### Task to complete
The range runs from the line containing "Cimetière mérovingien d'Orp-le-Grand, tombe." through the last line of the material below; retype it exactly, leaving out the pictures.

*** Given information Section Begins ***

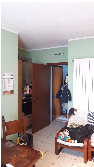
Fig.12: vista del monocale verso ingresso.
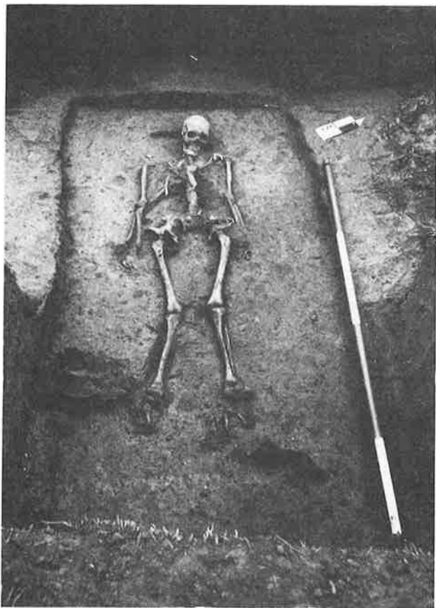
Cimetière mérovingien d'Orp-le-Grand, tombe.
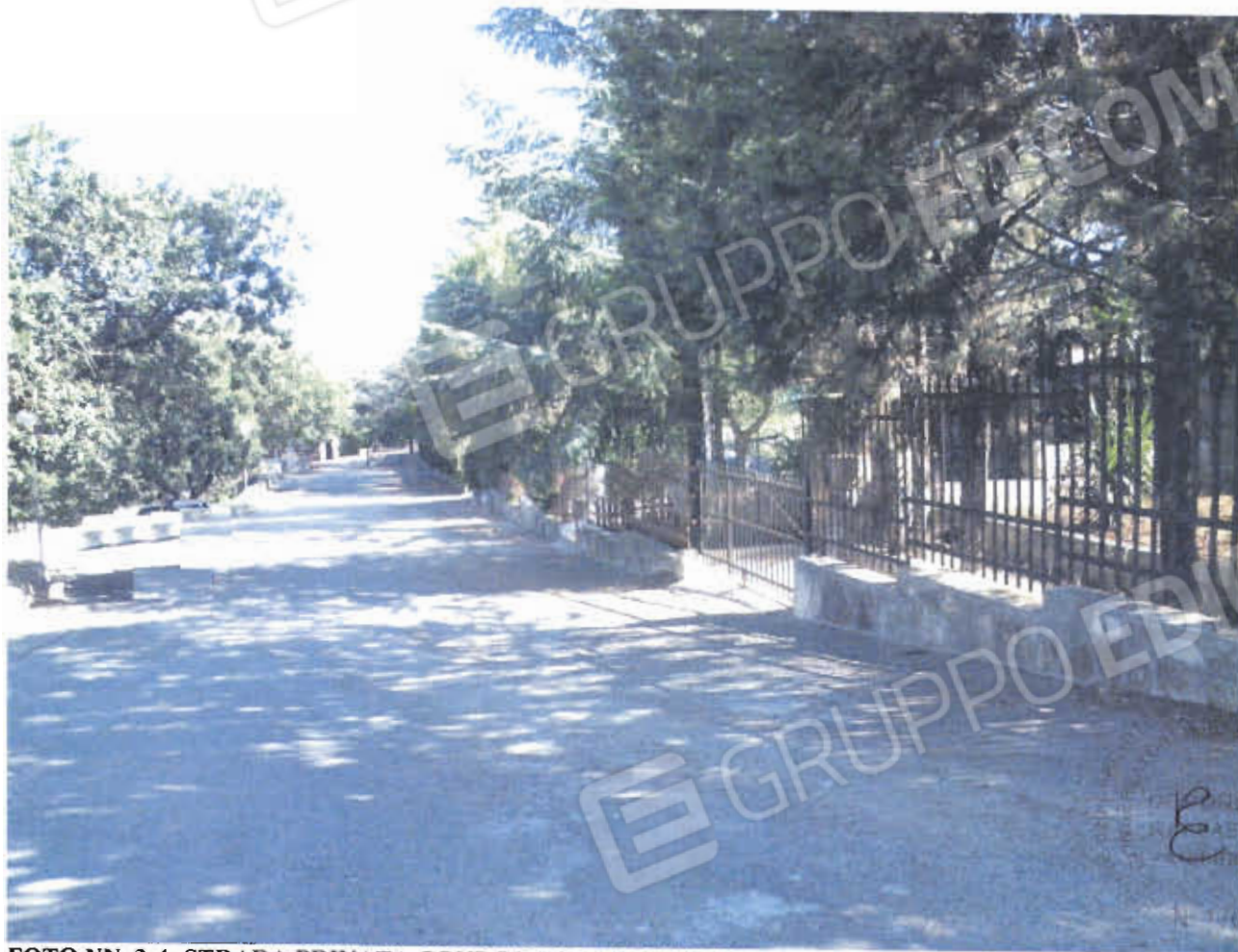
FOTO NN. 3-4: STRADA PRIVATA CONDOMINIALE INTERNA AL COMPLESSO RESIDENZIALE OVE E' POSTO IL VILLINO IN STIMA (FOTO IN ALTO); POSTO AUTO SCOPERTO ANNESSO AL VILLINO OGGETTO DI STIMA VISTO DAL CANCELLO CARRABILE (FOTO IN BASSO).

*** Given information Section Ends ***

### Solution to the exercise
Cimetière mérovingien d'Orp-le-Grand, tombe.
FOTO NN. 3-4: STRADA PRIVATA CONDOMINIALE INTERNA AL COMPLESSO RESIDENZIALE OVE E' POSTO IL VILLINO IN STIMA (FOTO IN ALTO); POSTO AUTO SCOPERTO ANNESSO AL VILLINO OGGETTO DI STIMA VISTO DAL CANCELLO CARRABILE (FOTO IN BASSO).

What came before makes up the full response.